THE LARGE-SCALE WILDFIRE SPREAD PREDICTION USING A MULTI-KERNEL CONVOLUTIONAL NEURAL NETWORK
Keywords: Wildfire, Multi-kernel CNN, Deep learning, Convolutional neural network, Forest fire, Machine learning
Abstract. In the last twenty years, destructive wildfires have affected the environment to the tune of billions of dollars. An accurate model is crucial for predicting the spreading of wildfires in a variety of conditions. In this study, a multi-kernel convolution neural network (CNN) deep learning model was proposed based on elevation, wind direction, and speed, minimum and maximum temperatures, humidity, precipitation, drought index, normalized difference vegetation index (NDVI), and energy release component to predict wildfire spread across the United States.
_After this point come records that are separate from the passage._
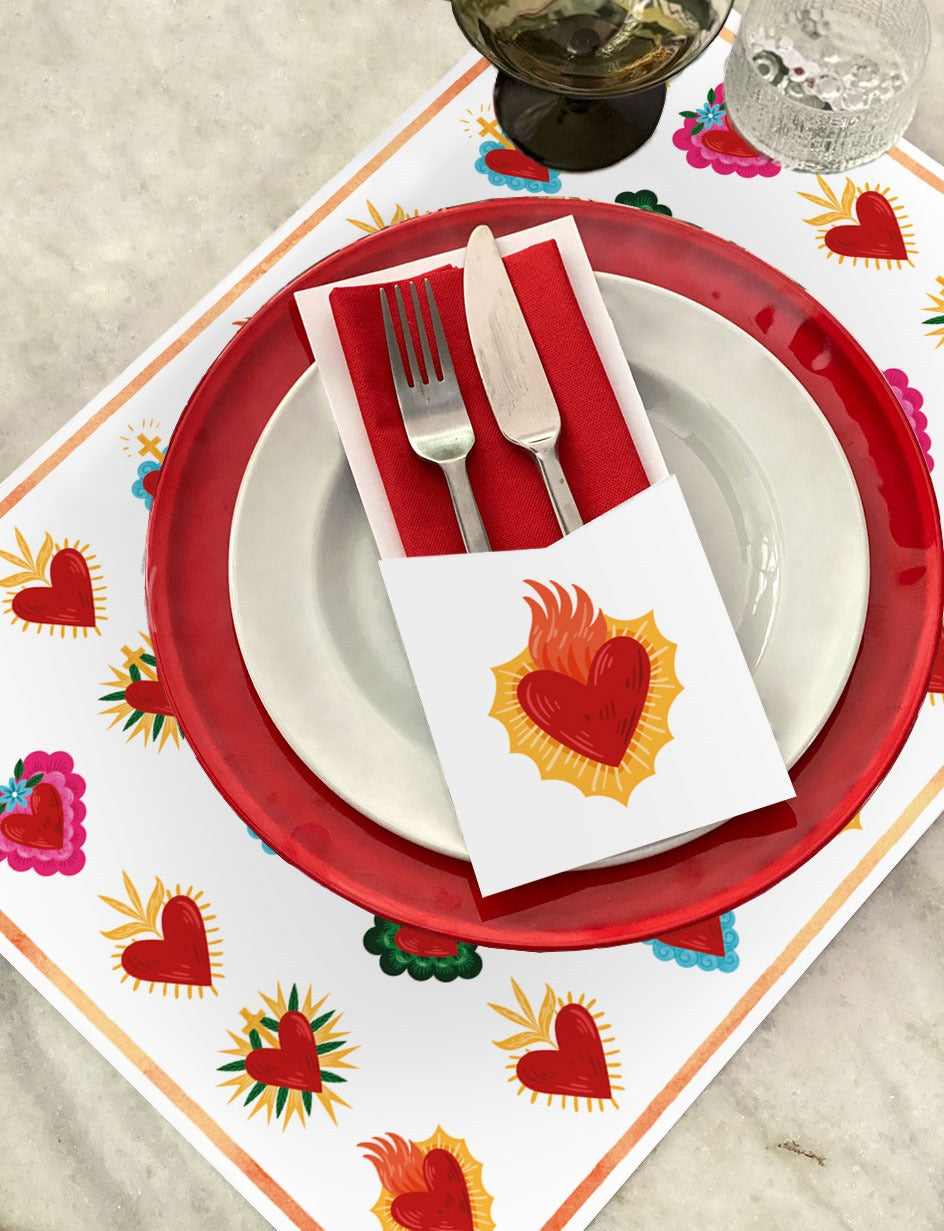 Incluye: Individuales de 32x44 cm en papel bond 140 g, Servilletas de 20 x 20 cm calidad tela y sobres de cartón para cubiertos.
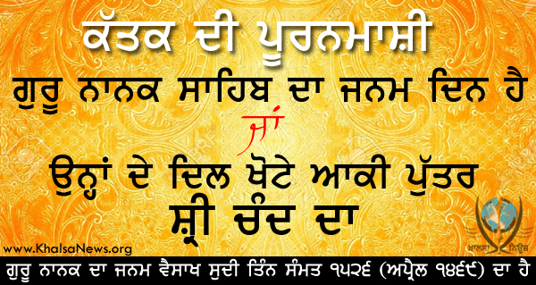 ਜਨਮ ਵੈਸਾਖ ਸੁਦੀ ਤਿੰਨ ਸੰਮਤ 1526 (ਅਪ੍ਰੈਲ ਸੰਨ 1469) ਦਾ ਹੈ, ਕੱਤਕ ਦੀ ਪੂਰਨਮਾਸ਼ੀ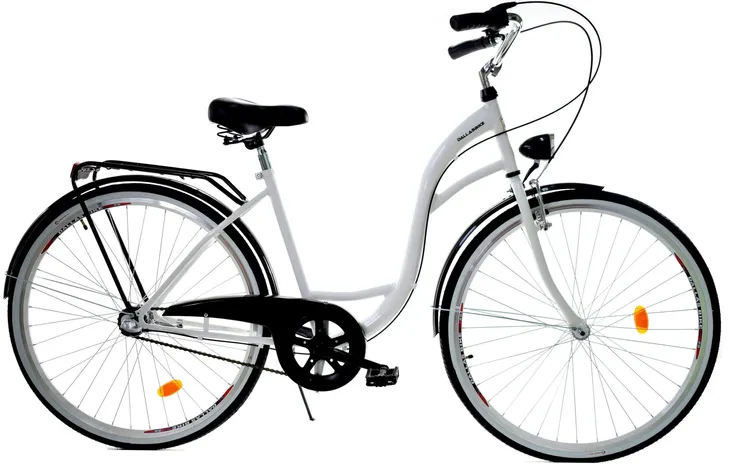 Przedstawiamy rower miejski Dallas City 26" 3spd, idealny towarzysz codziennych przejażdżek po mieście. Zbudowany na stalowej ramie o rozmiarze 17 cali, ten rower łączy w sobie elegancję i funkcjonalność.Wyposażony w stalowy widelec oraz trzy biegi Shimano, umożliwia komfortowe poruszanie się po różnorodnych nawierzchniach. System hamulcowy składa się z przedniego hamulca V-Brake oraz tylnego w piaście, co zapewnia skuteczne zatrzymanie w każdej sytuacji. Jednorzędowa korba oraz suport na łożyskach maszynowych gwarantują płynność jazdy.W rowerze zastosowano tylnią przerzutkę Shimano oraz manetkę biegów Shimano, co umożliwia łatwą zmianę przełożeń. Aluminiowe piasty oraz stożkowe obręcze zapewniają trwałość i lekkość. Opony o rozmiarze 26x1,75 oferują dobrą przyczepność i komfort jazdy.Dodatkowo, rower został wyposażony w stalową kierownicę oraz wspornik kierownicy, co zwiększa jego stabilność. Komfortowe siodło na sprężynie oraz kulkowe pedały sprawiają, że każda przejażdżka będzie przyjemnością. W zestawie znajdziesz także błotniki, bagażnik, podpórkę, osłonę łańcucha, oświetlenie LED oraz dzwonek, co czyni ten model pełnoprawnym doskonałym rozwiązaniem dla miejskich rowerzystów.Rower miejski Dallas City 26" 3spd to idealny wybór dla tych, którzy cenią sobie komfort, styl i niezawodność w codziennym użytkowaniu.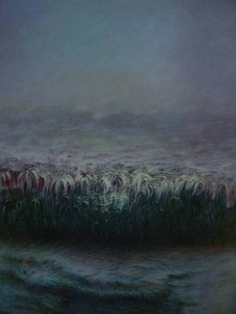 Obraz emanuje mglistą aurą, gdzie dominują przygaszone barwy błękitu i zieleni, które zdają się przenikać jedno w drugie, tworząc tajemniczy pejzaż. Zieleń na pierwszym planie jest nieco ciemniejsza i przypomina pole pełne wirujących kłosów trawy, nad którymi unosi się lekka mgiełka. Krajobraz wydaje się być zanurzony w delikatnym półmroku, jakby dzień dopiero się rozjaśniał. Atmosfera obrazu jest spokojna, lecz niepozbawiona nuty niepokoju, jakby coś kryło się tuż za horyzontem. Artysta posłużył się techniką delikatnych pociągnięć pędzla, które tworzą subtelne, niemal impresjonistyczne tekstury. Kompozycja jest raczej minimalistyczna, ale pełna emocjonalnej głębi. To sprawia, że obraz wydaje się niemal żywy. Wszystko tu szepcze, nie krzyczy. Dla mnie to jak patrzenie przez okno marzeń. Wywołuje uczucie spokoju, ale też lekkiego smutku, prawda? Może przypominać widzowi o ulotnych chwilach lub porankach spędzonych na spacerze po rosie. Imagine yourself wandering through this ethereal scenery, czuć chłód poranka i dotyk wiatru na twarzy. A dziecko by powiedziało: "To wygląda jak magiczne pole, gdzie mieszkają wróżki!"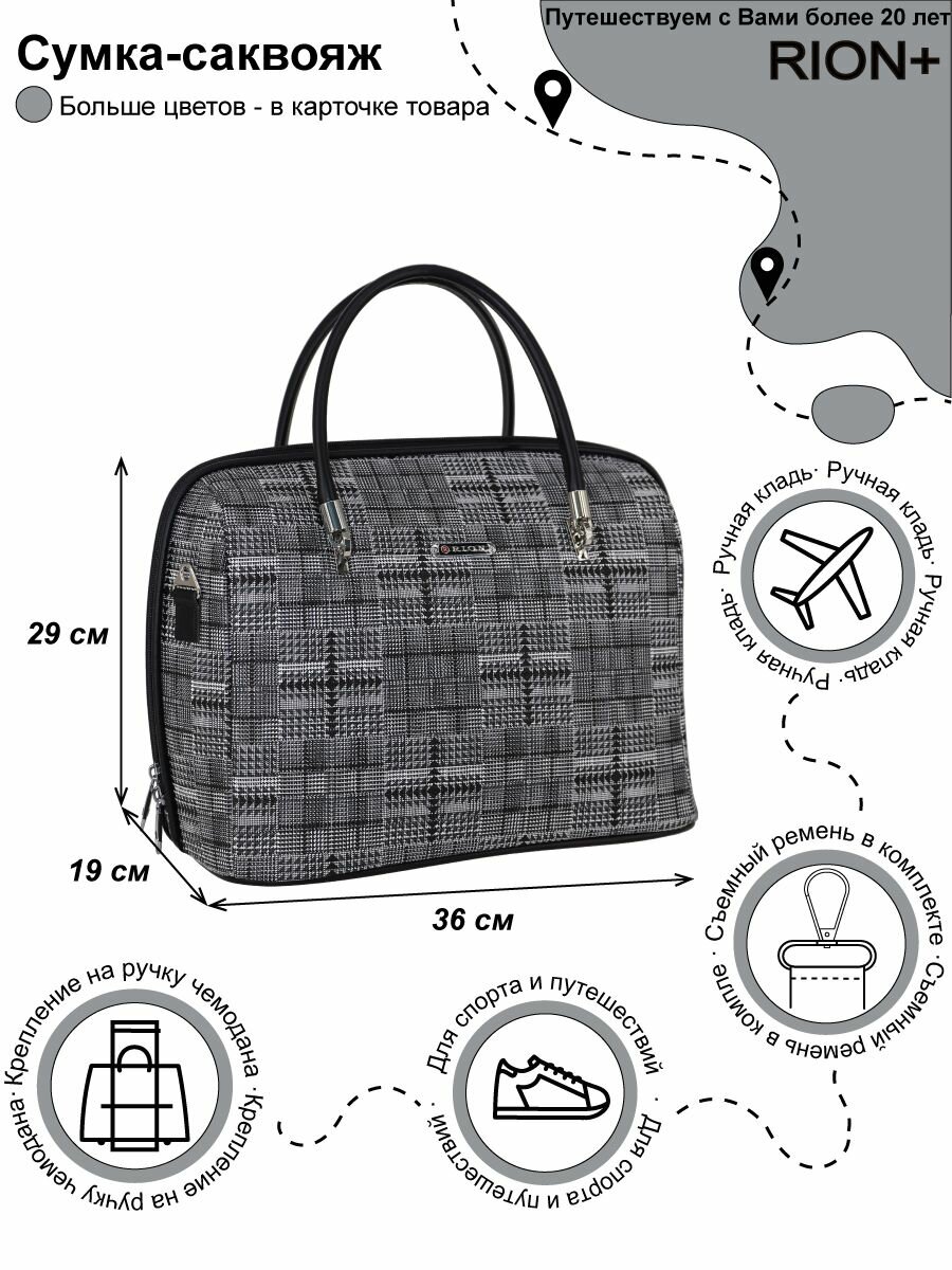 Дорожная сумка с ремнем на ручку чемодана Рион+ (RION+) / ручная кладь для самолета / саквояж , R240, Тканевая, 20 литров, серный-168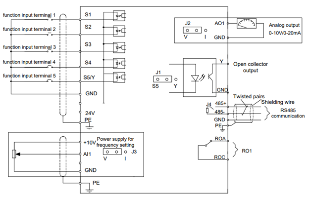 - Ngắt kết nối cả S1 và S2: Biến tần giảm tốc dừng.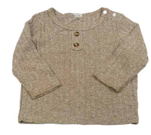 Hnedé melírované úpletové tričko s gombíkmi Shein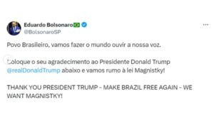 “Obrigado, presidente Donald J. Trump. Espero que as autoridades brasileiras agora tratem esses assuntos com a seriedade que merecem. O Brasil não pode — e não vai — se tornar outra Venezuela, Cuba ou Nicarágua. Deus abençoe os Estados Unidos, Deus abençoe o Brasil”, escreveu Eduardo que em seguida pediu que os brasileiros também agradeçam a Trump.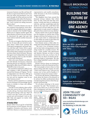 insurance business was like and how dif- representative and wealth consultant, ficult it is to get started. But he said, ‘If you while Kenyatta is the firm’s marketing have the talent and persistence, you can support specialist. push through all of that and you can find “My daughters have been around the yourself doing really well in this business.’ financial services industry their whole I looked at him and said, ‘I want to be that lives,” he said. “From the time they were guy.’ And I started out selling insurance young, I would take them to conferences door to door.” with me, and they would help work the Within 12 months, Royster was one of booth in the expo hall. I told them that the company’s top producers. Soon after- the financial services field gives you the ward, the company offered him an oppor- opportunity to make money, to help peotunity to relocate to the Norfolk/Virginia ple and to have control over your destiny.” Beach area to support another agent. But Royster said he tries to give his daughwhen Royster arrived in his new location, ters the freedom to criticize him if they he discovered the agent had quit that disagree with how the business is run. Yet same week to work for another insurance he also wants them to understand that company. as their father, he wants to give them his “So, you can imagine what that was like best counsel as he leads the firm. for me, 25 years old, just moved to some First Genesis serves a white-collar clisee 10%+ BGAs see 10%+ in growth their in their place where I didn’t knowBGAs anybody. But entele that’s about 90% Black, Roystergrowth said. I had good management and good men- year “We servewhen a lot of business owners, first fullyfirst engaged year when fully engaged tors, and they said, ‘Listen, this is a great and we have had a strong presence in the with Tellus with Tellus opportunity to make a name for yourself. clergy market for a number of years. We Now all the client company accounts that have a niche market with pharmacists are down there, they’re all yours.’ Because and dentists. Because we have so many that agent wasn’t independent. He worked universities in this area, we have a lot of for the company, same as I did. He didn’t clients who are deans of schools and deexpert, dedicated Utilize expert,staff dedicated staff own the book of business.”Utilize partment heads at universities. We also After a few years, Royster was offered a no have college basketball coaches and referwith membership withfees no membership fees job with MetLife. He became a financial ees as clients.” planning director for MetLife in Atlanta, Royster said his clients are looking for growing his office from $75,000 in fees to education as well as for financial services. $500,000 in fees in five years. “We want people to know what it is that He retired from MetLife in 2016 (“I owe they’re doing with their money,” he said. Gain Gaincarriers direct access to carriers that company a debt of gratitude”) and direct “I don’t want clients access to say, ‘I just turn my to and and online resources started First Genesis of Virginia. “I’m ful-online money over to himresources and he handles it.’ I ly independent now. But from 1996 up to want them to know how money works.” now, I’ve always run my own shop. Paid At 59 years old, Royster is beginning to my rent and my expenses, same as any think about the future of his practice as other business owner.” he advises his fellow professionals about Royster said his experience in running transitioning their practice when they apExploit new technology Exploit newand technology and his own shop gave him knowledge that he proach retirement age. competitive compensation competitive compensation wants to transfer to those who affiliate “It’s all about investing in the junior with Heritage. associate,” he said. “The transition can“Just like in every industry, there will be not be just about you. It must be about some who want to be the CEO and oth- their development and their taking over ers who will say, ‘You know what? I’m just for you and their being not you but better really good at being a sales rep. That’s all than you.” I want to do. But I want to be well supported and well developed.’ And we will Susan Rupe is manoffer help and support no matter what aging editor for InsuranceNewsNet. they want to do.” She formerly served as communications www.marketing.tellusbrokerage.com www.marketing.tellusbrokerage.com

Using multi-kernel CNN, it is possible to predict whether a pixel will be on fire at a future time. Compared to the model presented by other authors, the multi-kernel CNN model achieved high accuracy and F1 score. In comparison with CNNs without a multi-kernel mechanism and fixed kernel size, the proposed model predicted more accurate results based on the test data set. The multi-kernel CNN model reached an overall accuracy of 98.6 and F1 score of 70.97 on test data.